= YOUR GOAL =
Transcribe the material verbatim, starting at its first line and stopping once the line containing "这时,我们会根据世界设计文档或区域设计文档,利用地形生成软件 World Machine" has been given; no picture should appear.

= SUPPLIED DATA =
[Start of Attachment]
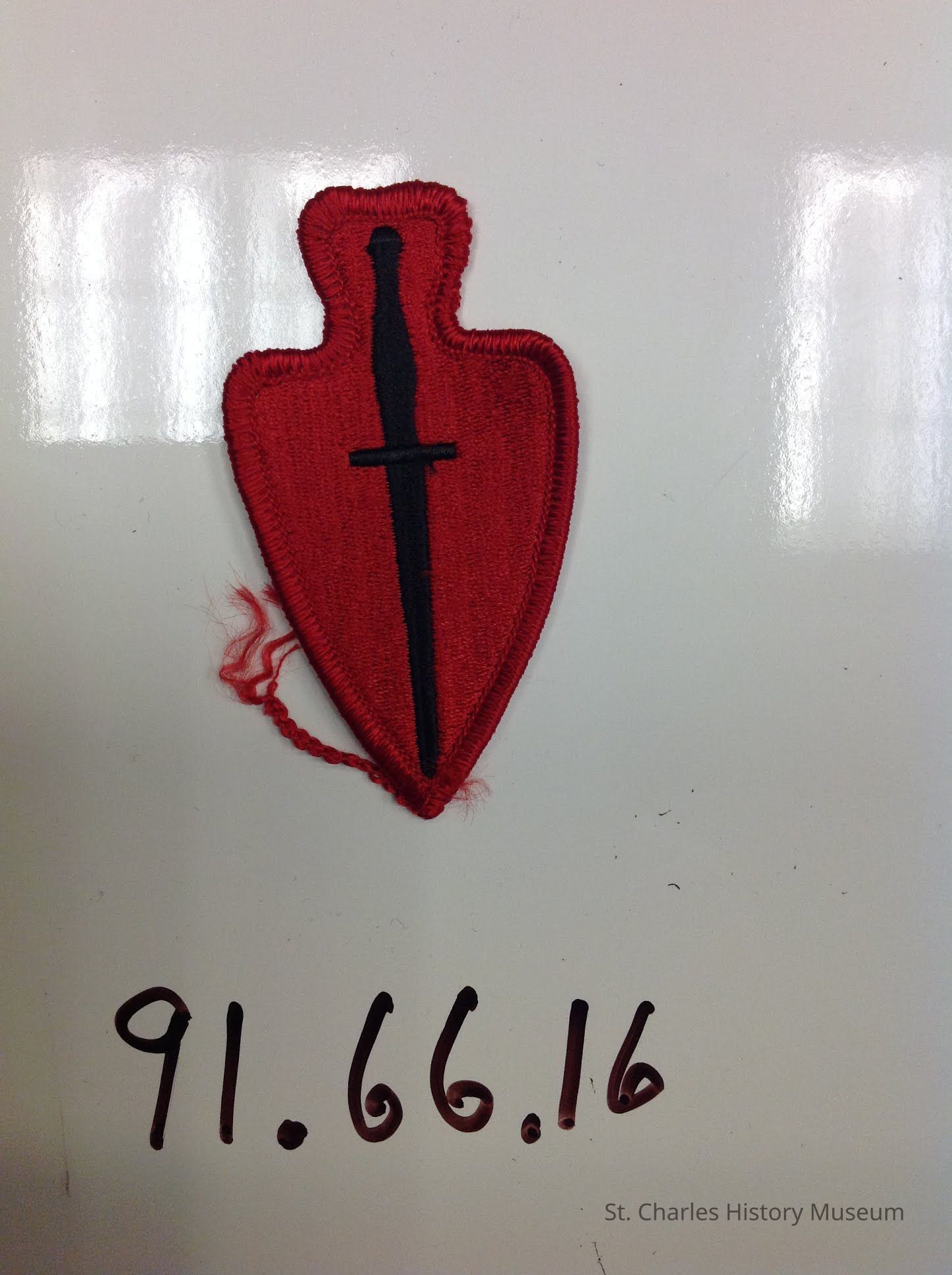 Sewn, fabric patch. Shaped like an arrowhead. Red patch with a black sword in the center. Is a 1st Army- United States Army Special Operations Command patch. Red patch is worn on the dress uniform.Lexicon
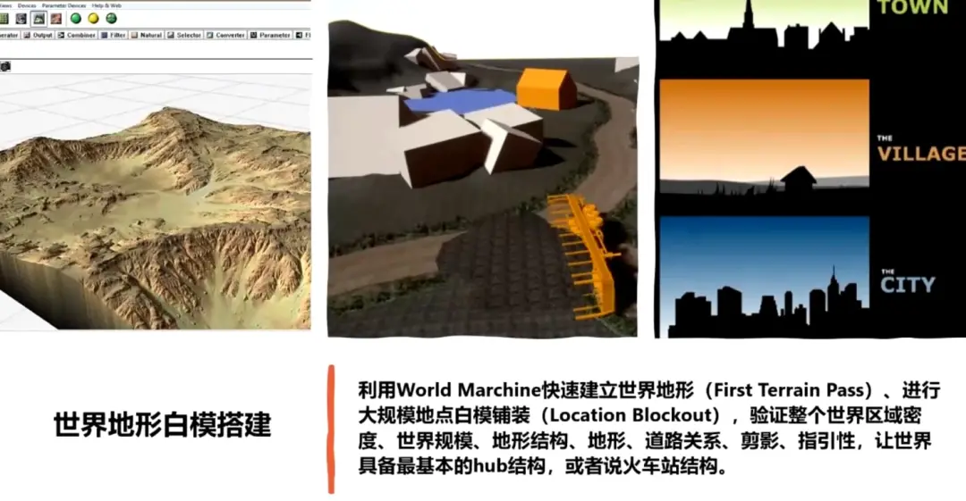 这时,我们会根据世界设计文档或区域设计文档,利用地形生成软件 World Machine 快速建立世界地形,我们一般称之为 First Terrain Pass,并在此基础上进行大规模地点的白模铺装,如下图所示。
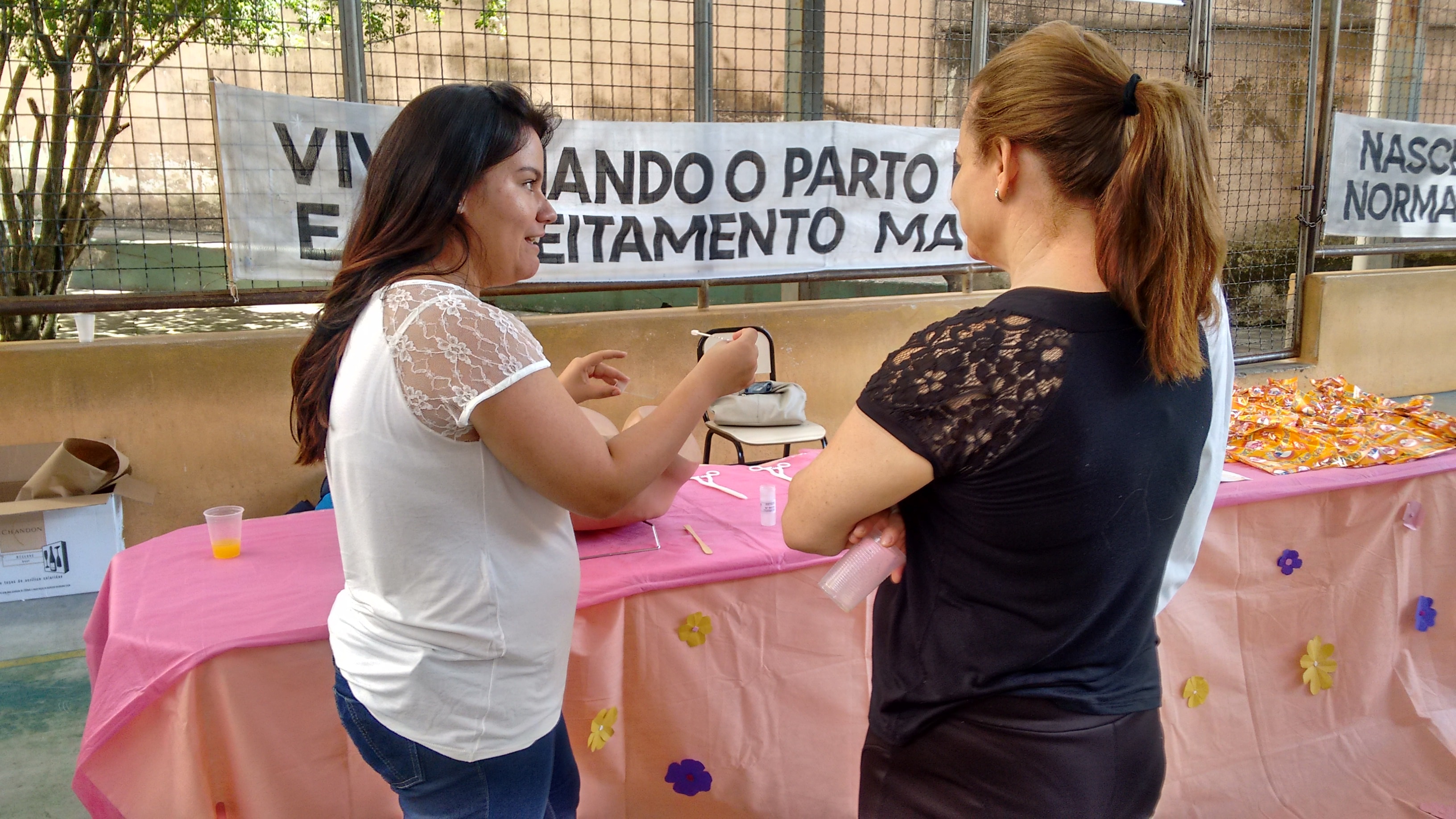 Trata-se de um relato de experiência sobre uma ação extensionista realizada por duas acadêmicas de Enfermagem no ano de 2016. Foram realizadas discussões em um estande organizado por acadêmicas de Enfermagem para as gestantes participantes do “Encontro Municipal de Gestantes Mãe Divinopolitana” sobre temas relacionados à saúde da gestante e da criança. Foram realizados três momentos de educação em saúde de abordagem coletiva, sendo eles: uma roda de conversa sobre a importância do exame citopatológico do colo do útero e prevenção de Infecções Sexualmente Transmissíveis (ISTs) durante a gestação; simulação de um parto de cócoras e uma roda de conversa sobre o aleitamento materno e cuidados com o recém-nascido. Essa experiência propiciou o estreitamento entre universidade e comunidade, pela possibilidade de atuar em um espaço fora da universidade, de unir teoria à prática de forma interdisciplinar e por aprimorar o olhar e atenção às necessidades de saúde de usuários por meio do uso de metodologias ativas.
[End of Attachment]
= EXERCISE RESPONSE =
 Sewn, fabric patch. Shaped like an arrowhead. Red patch with a black sword in the center. Is a 1st Army- United States Army Special Operations Command patch. Red patch is worn on the dress uniform.Lexicon
 这时,我们会根据世界设计文档或区域设计文档,利用地形生成软件 World Machine 快速建立世界地形,我们一般称之为 First Terrain Pass,并在此基础上进行大规模地点的白模铺装,如下图所示。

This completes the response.